When copying the listing below, skip every picture and keep each word as it stands.

## Recorded data
Content starts

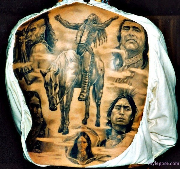 背部巨大的黑白各种印第安人纹身图案
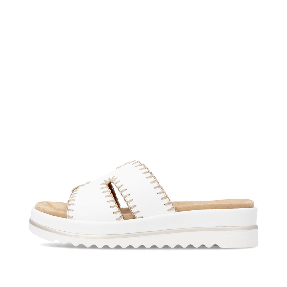 Dámske kožené šľapky z kolekcie značky Remonte - Rieker na klinovom podpätku. Obľúbený strih, sú skvelým doplnením každého elegantného ale aj ležérneho outfitu. Určite si ich zamilujete vďaka ich pohodlnosti a mäkkosti. Ergonomický tvar dodáva pocit absolútneho pohodlia. Po vyčerpávajúcom a náročnom dni sa budú Vaše nohy cítiť svieže a oddýchnuté a to najmä vďaka ľahkým materiálom a konštrukcii. Pružná platforma dokonale dopĺňa dizajn, postará sa o Vaše pohodlie na každom kroku. Kožené topánky sú zaručenou klasikou, zaručia Vám vysokú kvalitu a ide o pár, ktorý vám vydrží niekoľko sezón. Pre všetkých, ktorí sa chcú v topánkach cítiť pohodlne a štýlovo. Obuv REMONTE - jedná sa o vyššiu radu značky RIEKER, táto obuv sa vyznačuje vynikajúcou kombináciou vrchných materiálov. Topánky z rady REMONTE Vám zabezpečia maximálny komfort pri celodennom nosení.
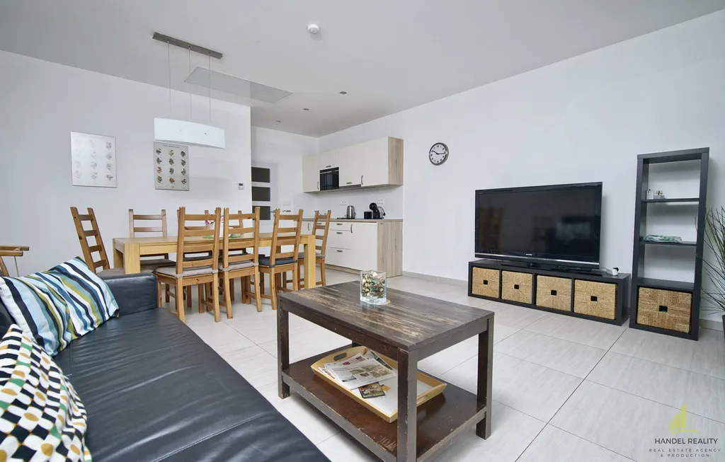 Každý z apartmánů má užitnou plochu 72 m² a praktické dispoziční řešení. V přízemí se nachází obývací pokoj s rozkládací sedačkou, TV a Wi-Fi, na který navazuje plně vybavený kuchyňský kout s varnou deskou, mikrovlnnou troubou, lednicí, myčkou a kompletním nádobím. Na tomto podlaží je také ložnice s manželskou postelí a koupelna se sprchou, toaletou a pračkou.
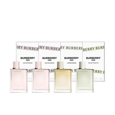 #html-body [data-pb-style=FPMWB96]{justify-content:flex-start;display:flex;flex-direction:column;background-position:left top;background-size:cover;background-repeat:no-repeat;background-attachment:scroll}Burberry Mini Gift Set (4 x 5ml) presents a selection of four quintessential scents from the renowned British fashion house, capturing the essence of classic elegance and modern sophistication... Collection Contains: 1 x Burberry Her Eau De Parfum (5ml) - a fruity gourmand scent that bursts with Red and Dark Berries, melded with Jasmine and Violet, and finishes with a base of Amber and Musk for an addictive and sensual aroma.1 x Burberry Her London Dream Eau De Parfum (5ml) - an invigorating fragrance that combines fresh notes of Ginger and Lemon with the delicate beauty of Rose, creating a free-spirited and luminous scent.1 x Burberry My Burberry Eau De Toilette (5ml) - this fragrance captures the essence of a London garden after the rain with notes of Sweet Pea and Bergamot complemented by Geranium Leaf, Quince, and Freesia, grounded in a base of Patchouli and Roses.1 x Burberry My Burberry Blush Eau De Parfum (5ml) - a fruity floral scent that opens with Pomegranate and Lemon, blends into a heart of Geranium, Apple, and Rose, and finishes with a base of Wisteria and Jasmine, offering a fresh and vibrant allure.

Content ends

## Exercise response
 背部巨大的黑白各种印第安人纹身图案
 Dámske kožené šľapky z kolekcie značky Remonte - Rieker na klinovom podpätku. Obľúbený strih, sú skvelým doplnením každého elegantného ale aj ležérneho outfitu. Určite si ich zamilujete vďaka ich pohodlnosti a mäkkosti. Ergonomický tvar dodáva pocit absolútneho pohodlia. Po vyčerpávajúcom a náročnom dni sa budú Vaše nohy cítiť svieže a oddýchnuté a to najmä vďaka ľahkým materiálom a konštrukcii. Pružná platforma dokonale dopĺňa dizajn, postará sa o Vaše pohodlie na každom kroku. Kožené topánky sú zaručenou klasikou, zaručia Vám vysokú kvalitu a ide o pár, ktorý vám vydrží niekoľko sezón. Pre všetkých, ktorí sa chcú v topánkach cítiť pohodlne a štýlovo. Obuv REMONTE - jedná sa o vyššiu radu značky RIEKER, táto obuv sa vyznačuje vynikajúcou kombináciou vrchných materiálov. Topánky z rady REMONTE Vám zabezpečia maximálny komfort pri celodennom nosení.
 Každý z apartmánů má užitnou plochu 72 m² a praktické dispoziční řešení. V přízemí se nachází obývací pokoj s rozkládací sedačkou, TV a Wi-Fi, na který navazuje plně vybavený kuchyňský kout s varnou deskou, mikrovlnnou troubou, lednicí, myčkou a kompletním nádobím. Na tomto podlaží je také ložnice s manželskou postelí a koupelna se sprchou, toaletou a pračkou.
 #html-body [data-pb-style=FPMWB96]{justify-content:flex-start;display:flex;flex-direction:column;background-position:left top;background-size:cover;background-repeat:no-repeat;background-attachment:scroll}Burberry Mini Gift Set (4 x 5ml) presents a selection of four quintessential scents from the renowned British fashion house, capturing the essence of classic elegance and modern sophistication... Collection Contains: 1 x Burberry Her Eau De Parfum (5ml) - a fruity gourmand scent that bursts with Red and Dark Berries, melded with Jasmine and Violet, and finishes with a base of Amber and Musk for an addictive and sensual aroma.1 x Burberry Her London Dream Eau De Parfum (5ml) - an invigorating fragrance that combines fresh notes of Ginger and Lemon with the delicate beauty of Rose, creating a free-spirited and luminous scent.1 x Burberry My Burberry Eau De Toilette (5ml) - this fragrance captures the essence of a London garden after the rain with notes of Sweet Pea and Bergamot complemented by Geranium Leaf, Quince, and Freesia, grounded in a base of Patchouli and Roses.1 x Burberry My Burberry Blush Eau De Parfum (5ml) - a fruity floral scent that opens with Pomegranate and Lemon, blends into a heart of Geranium, Apple, and Rose, and finishes with a base of Wisteria and Jasmine, offering a fresh and vibrant allure.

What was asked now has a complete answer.